The AIx, which is calculated by dividing the central augmentation pressure by the corresponding pulse pressure, is affected by the reflected wave transit time [7, 8]. The transit time is affected by the reflected wave timing, amplitude, and ventricular function, which in turn are known to be influenced by a number of factors, including heart rate [7, 8]. Alternatively, by assuming a triangular or a physiologic flow waveform, the aortic pressure wave (P) can be separated into its forward (Pf) and timing-independent backward (Pb) components [9]. Given that the backward (reflected) wave transit time likely fluctuates during an orthostatic challenge, the Pb may provide a superior index of arterial wave reflection under these conditions. However, to be of value in a clinical or research setting, an assessment tool must be precise.
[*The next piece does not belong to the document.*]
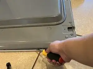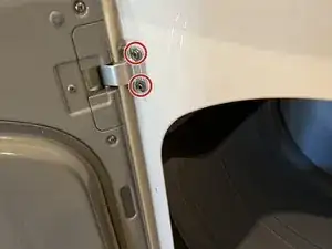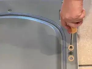 Заново установите четыре шарнирных винта на петлях заменяемой дверцы с помощью отвертки Phillips #2, электродрели или торцевого ключа на 8 мм.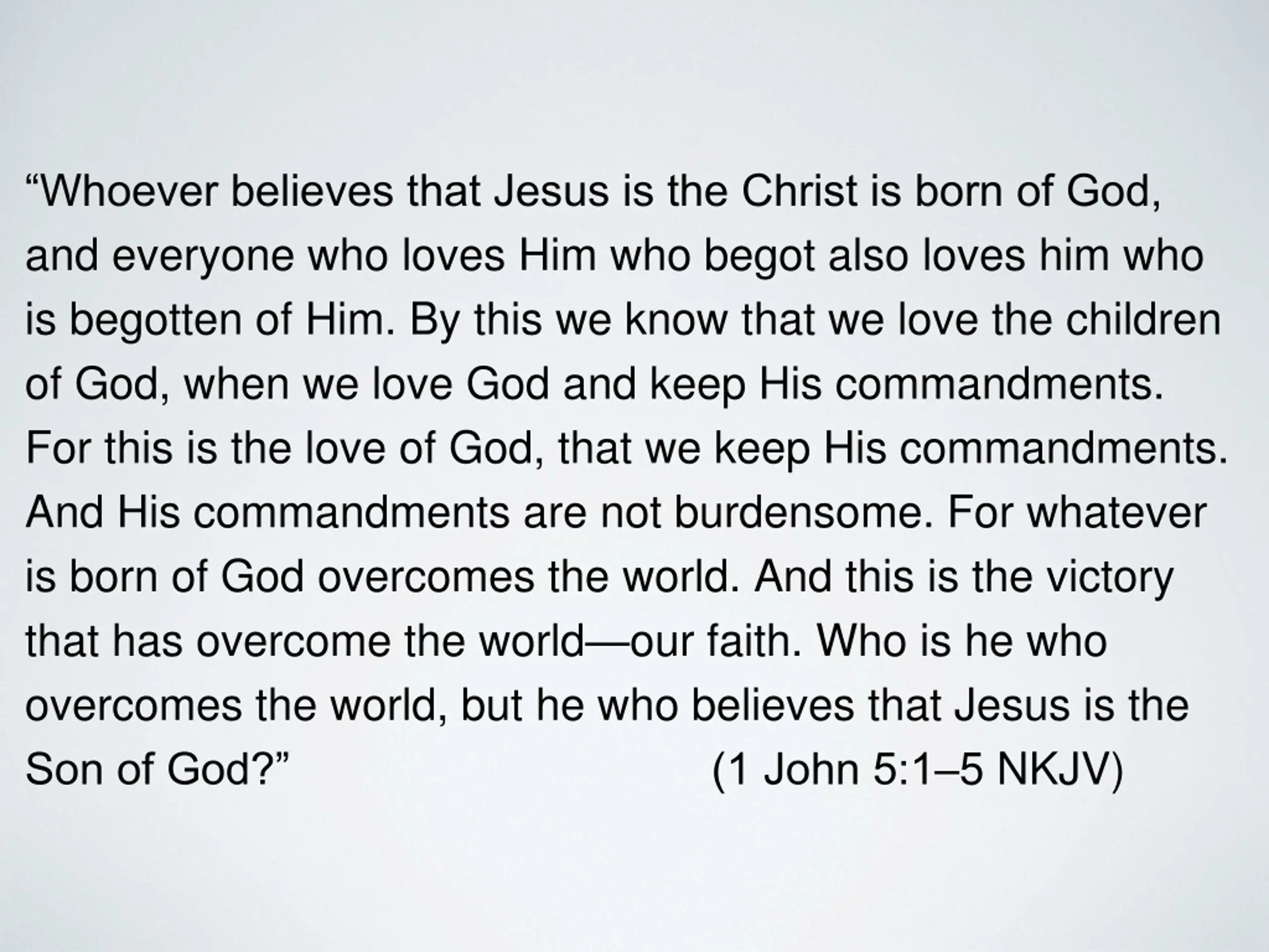 Whoever believes that Jesus is the Christ is born of God, and everyone who loves Him who begot also loves him who is begotten of Him. By this we know that we love the children of God, when we love God and keep His commandments. For this is the love of God, that we keep His commandments. And His commandments are not burdensome. For whatever is born of God overcomes the world. And this is the victory that has overcome the world our faith. Who is he who overcomes the world, but he who believes that Jesus is the Son of God? (1 John 5:1 5 NKJV)

Recently, our group published an article that reported that Pb can be assessed with acceptable precision under normal resting conditions [10]. However, no previous study has assessed the precision of Pb responses to an orthostatic challenge. Therefore, the data from our previous orthostatic challenge study [6] was re-analyzed using pulse wave separation analysis. The purpose of the current study was to determine whether the Pb responses to an orthostatic challenge (modified tilt-table test) exceed the criterion for acceptable measurement precision (between-day reliability).
Methods
This observation study was conducted in accordance with STROBE (Strengthening the Reporting of Observational Studies in Epidemiology) guidelines [11].
Participants
To ascertain the upper limit of reliability, a relatively homogenous cohort of 20 young (19–35 year) and healthy participants was recruited. Participants were excluded if they smoked, reported any known cardio-metabolic disorders, or were taking medications known to affect cardiovascular function. Ethical approval was obtained from the Massey University Human Ethics Committee, and all participants provided written informed consent prior to participating in the study.
Experimental design
Prior to beginning the study, participants were familiarized with all experimental procedures. Subsequently, participants were tested on three different days in a dimly lit, climate-controlled room between the hours of 7 am and 10 am. All participants were fasted, having consumed only water, and refrained from caffeine and supplement intake that morning and from strenuous physical activity and alcohol for 24 h prior to experimentation. The maximum duration between the first and last study visit was 7 days (mean: 3.2 days SD (1.8)), and women were tested on consecutive days to limit the possible confounding influence of menstrual cycle hormones. Following a 10-min rest period in the supine posture, baseline PWA assessments were collected. Participants were then rapidly (~1 s) tilted to a 60-degree upright position using a modified tilt-table for 5 min. During the tilt period, PWA assessments were collected at 2 and 5 min (Tilt2, Tilt5). The participant was returned to the supine position for a 5-min recovery period, during which PWA assessments were collected at 2 and 5 min (Rec2, Rec5). Previous studies using modified and full tilt-table assessments have shown 5 min to be a sufficient period for eliciting stable hemodynamic responses [6, 12, 13].
Pulse wave analysis
Oscillometric pressure waveforms were recorded on the left upper arm by a single observer using a SphygmoCor XCEL device (AtCor Medical, Sydney, Australia) following standard manufacturer guidelines [14]. Each measurement cycle lasted approximately 60 s, consisting of a brachial blood pressure recording and then a 10-s sub-systolic recording. A corresponding aortic pressure waveform (Fig. 1) was generated using a validated transfer function [15]. To enable direct comparison, the AIx data from the previous study were re-reported [6]. The AIx is defined as the augmentation pressure (AP), expressed as a percentage of central pulse pressure, where AP is defined as the maximum systolic pressure minus the pressure at the inflection point. The Pf and Pb wave pressures were determined by assuming a triangular flow wave [9, 16]. This method creates a triangular-shaped flow wave by matching the start, peak, and end of the flow wave to the timings of the foot, inflection point, and incisura of the aortic pressure wave (Fig. 1). Thus, the forward and backward components of the pressure wave can be constructed using the following equations:
Aortic pulse wave analysis. Using the generated aortic pressure waveform (top panel), the augmentation index (AIx) is calculated by expressing augmentation pressure (AP) as a percentage of the central pulse pressure (cPP). The AP is the additional pressure added to the forward wave by the reflected wave and is defined as the maximum central systolic pressure minus the pressure at the inflection point. Using a physiologic flow waveform (middle panel), the aortic wave can be separated (bottom panel) into its forward (Pf) and backward (Pb) waves, and reflection magnitude (RM) can be computed (Pb/Pf)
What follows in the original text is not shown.